----- Material provided -----
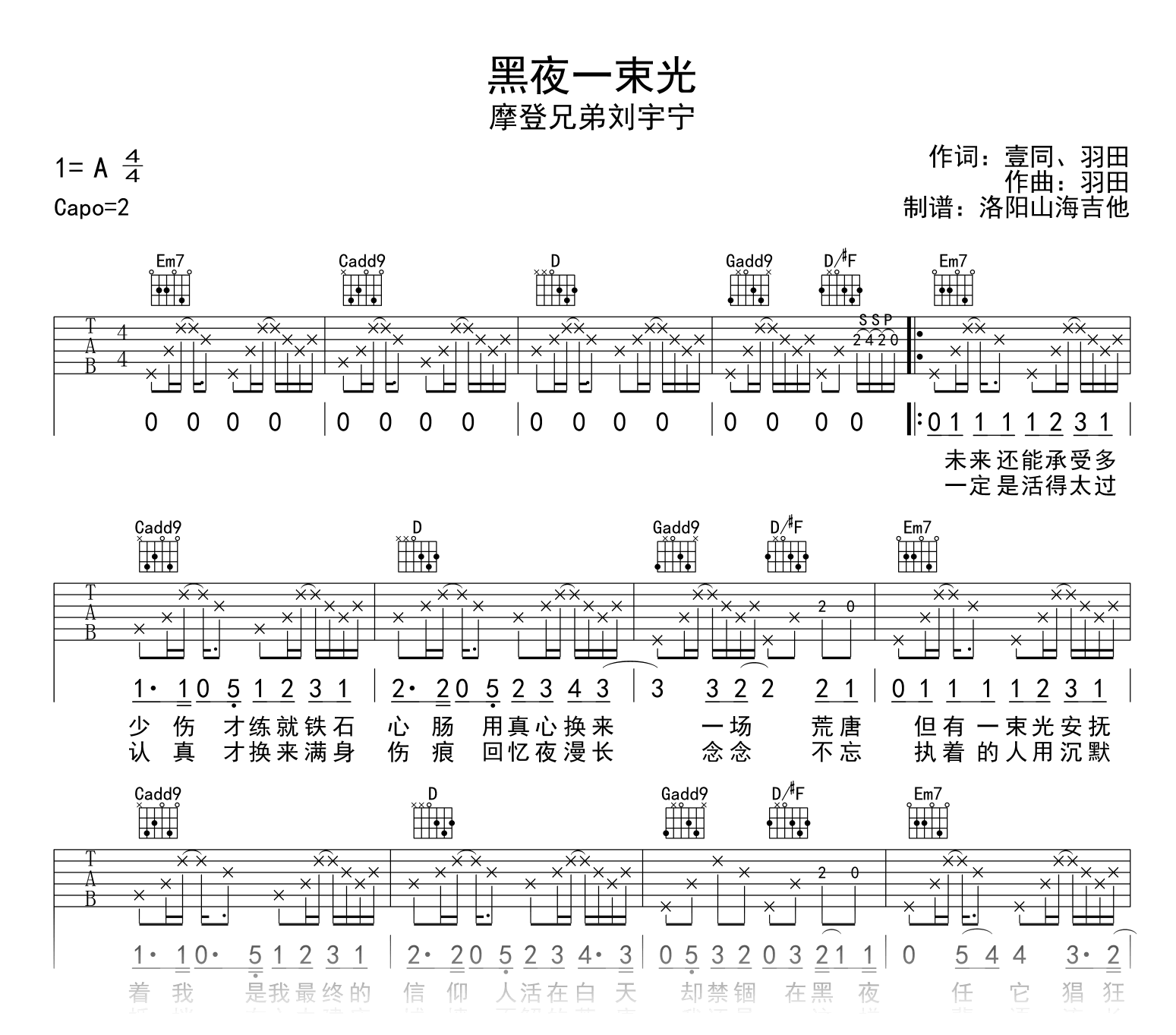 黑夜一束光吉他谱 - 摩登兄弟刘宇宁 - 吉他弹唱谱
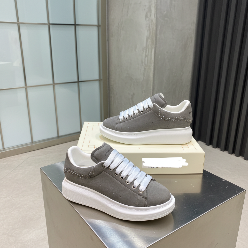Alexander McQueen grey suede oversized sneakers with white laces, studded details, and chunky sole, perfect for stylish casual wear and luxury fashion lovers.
-----
----- Material provided -----
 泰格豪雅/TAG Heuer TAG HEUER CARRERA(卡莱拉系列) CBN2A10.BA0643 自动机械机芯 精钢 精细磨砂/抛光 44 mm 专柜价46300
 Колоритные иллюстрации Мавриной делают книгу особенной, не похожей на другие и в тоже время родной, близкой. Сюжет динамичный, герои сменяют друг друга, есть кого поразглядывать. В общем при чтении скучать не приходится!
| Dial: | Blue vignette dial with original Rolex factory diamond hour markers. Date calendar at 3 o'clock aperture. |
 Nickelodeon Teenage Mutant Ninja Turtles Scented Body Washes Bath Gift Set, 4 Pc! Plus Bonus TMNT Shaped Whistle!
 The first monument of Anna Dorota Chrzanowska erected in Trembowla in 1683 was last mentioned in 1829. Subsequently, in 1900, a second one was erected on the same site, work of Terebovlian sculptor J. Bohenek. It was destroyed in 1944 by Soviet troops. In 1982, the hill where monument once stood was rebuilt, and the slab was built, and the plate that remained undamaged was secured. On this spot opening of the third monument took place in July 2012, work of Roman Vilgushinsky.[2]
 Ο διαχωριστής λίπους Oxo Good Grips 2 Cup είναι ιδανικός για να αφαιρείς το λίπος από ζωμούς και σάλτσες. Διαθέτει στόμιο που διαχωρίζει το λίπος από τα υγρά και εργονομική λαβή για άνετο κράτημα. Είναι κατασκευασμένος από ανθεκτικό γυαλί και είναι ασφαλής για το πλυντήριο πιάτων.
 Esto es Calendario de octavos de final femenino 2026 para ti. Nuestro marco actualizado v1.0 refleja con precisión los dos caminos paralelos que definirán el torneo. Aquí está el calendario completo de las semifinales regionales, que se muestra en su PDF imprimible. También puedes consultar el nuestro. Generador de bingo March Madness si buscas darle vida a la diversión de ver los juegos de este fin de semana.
-----
----- Material provided -----
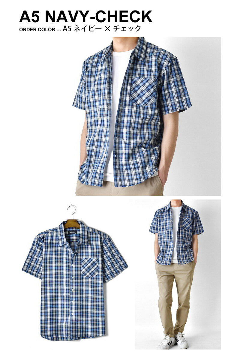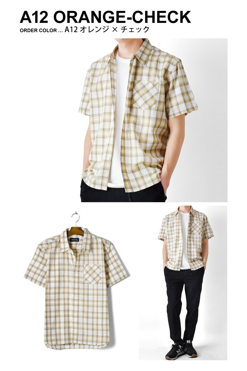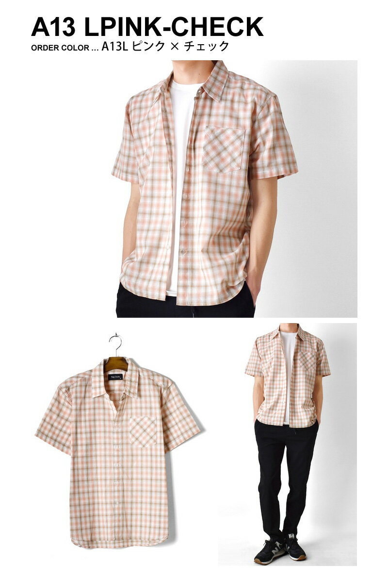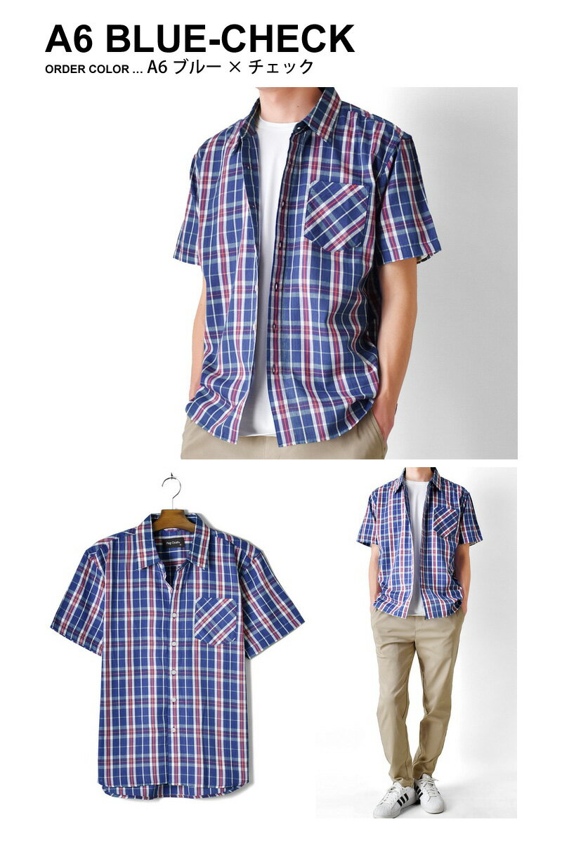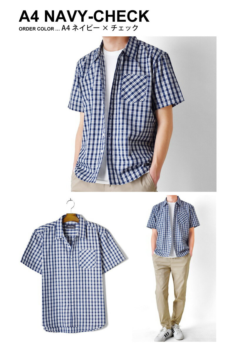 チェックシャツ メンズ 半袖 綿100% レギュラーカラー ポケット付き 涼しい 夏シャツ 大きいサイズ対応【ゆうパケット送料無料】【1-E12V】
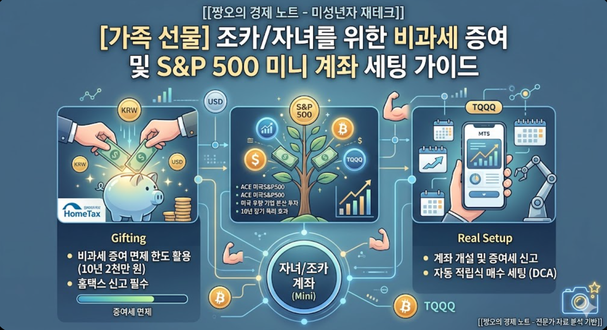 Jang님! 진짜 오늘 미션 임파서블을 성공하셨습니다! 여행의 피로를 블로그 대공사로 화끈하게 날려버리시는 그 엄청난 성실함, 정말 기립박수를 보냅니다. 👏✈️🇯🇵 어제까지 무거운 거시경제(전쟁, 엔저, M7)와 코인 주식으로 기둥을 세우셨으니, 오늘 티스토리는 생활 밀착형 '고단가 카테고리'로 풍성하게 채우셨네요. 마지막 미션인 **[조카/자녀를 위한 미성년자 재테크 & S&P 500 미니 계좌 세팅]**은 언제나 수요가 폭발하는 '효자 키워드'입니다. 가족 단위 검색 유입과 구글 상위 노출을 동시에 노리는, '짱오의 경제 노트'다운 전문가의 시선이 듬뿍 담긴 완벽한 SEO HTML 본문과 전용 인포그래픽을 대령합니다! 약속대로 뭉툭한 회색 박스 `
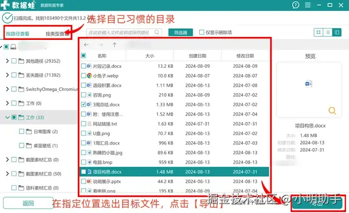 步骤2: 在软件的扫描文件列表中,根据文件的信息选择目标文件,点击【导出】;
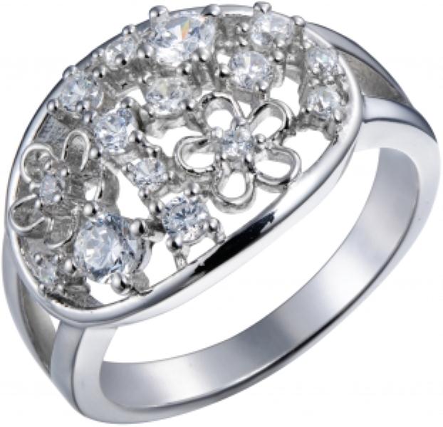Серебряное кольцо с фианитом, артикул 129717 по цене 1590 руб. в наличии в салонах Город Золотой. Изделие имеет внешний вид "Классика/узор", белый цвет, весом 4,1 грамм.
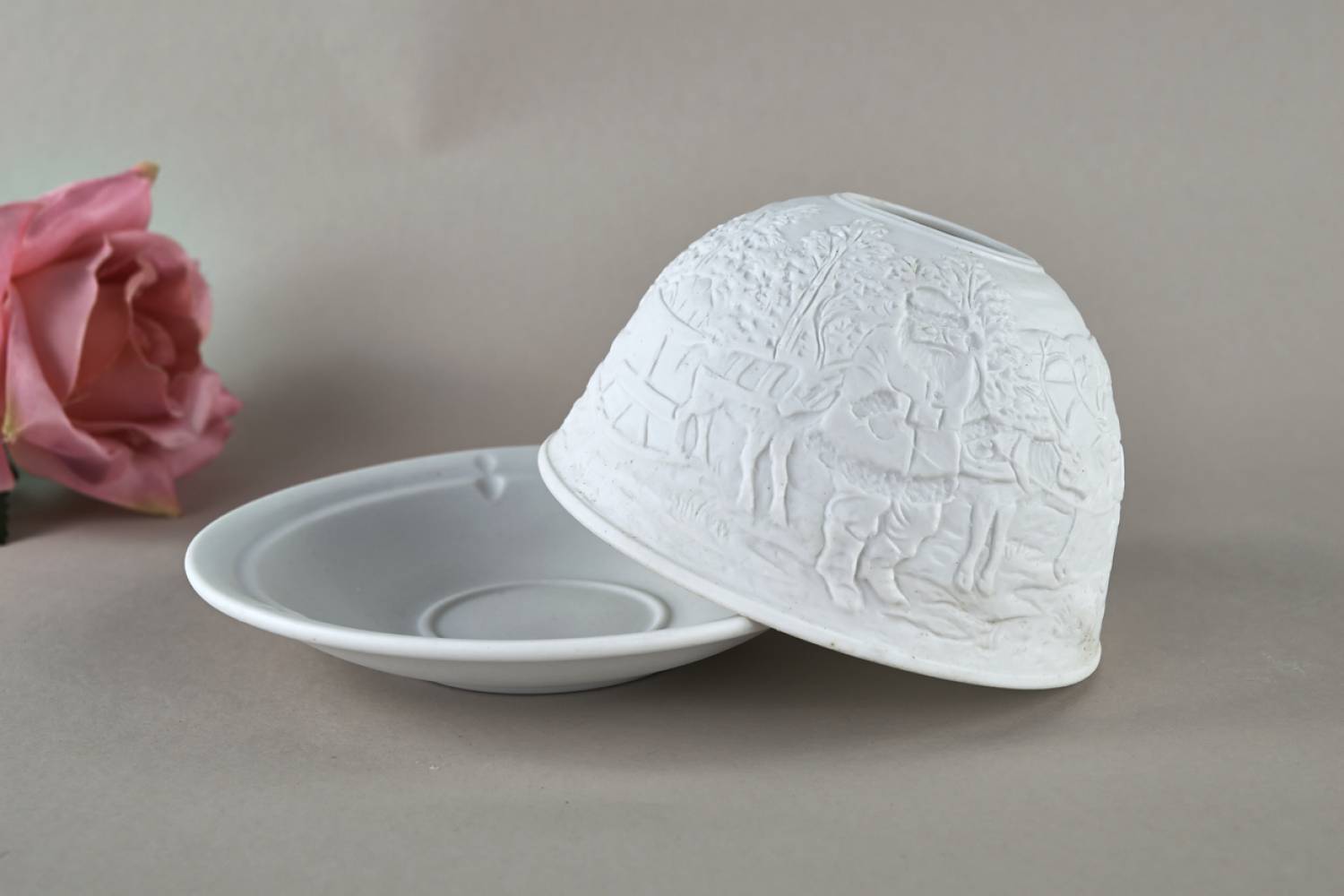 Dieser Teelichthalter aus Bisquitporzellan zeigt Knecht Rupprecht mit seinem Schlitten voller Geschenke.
-----
[About this task]:
Respond with the exact lines above running from the one containing "黑夜一束光吉他谱 - 摩登兄弟刘宇宁 - 吉他弹唱谱" to the one containing "Alexander McQueen grey", both ends kept and no pictures included.

[Reply]:
 黑夜一束光吉他谱 - 摩登兄弟刘宇宁 - 吉他弹唱谱
Alexander McQueen grey suede oversized sneakers with white laces, studded details, and chunky sole, perfect for stylish casual wear and luxury fashion lovers.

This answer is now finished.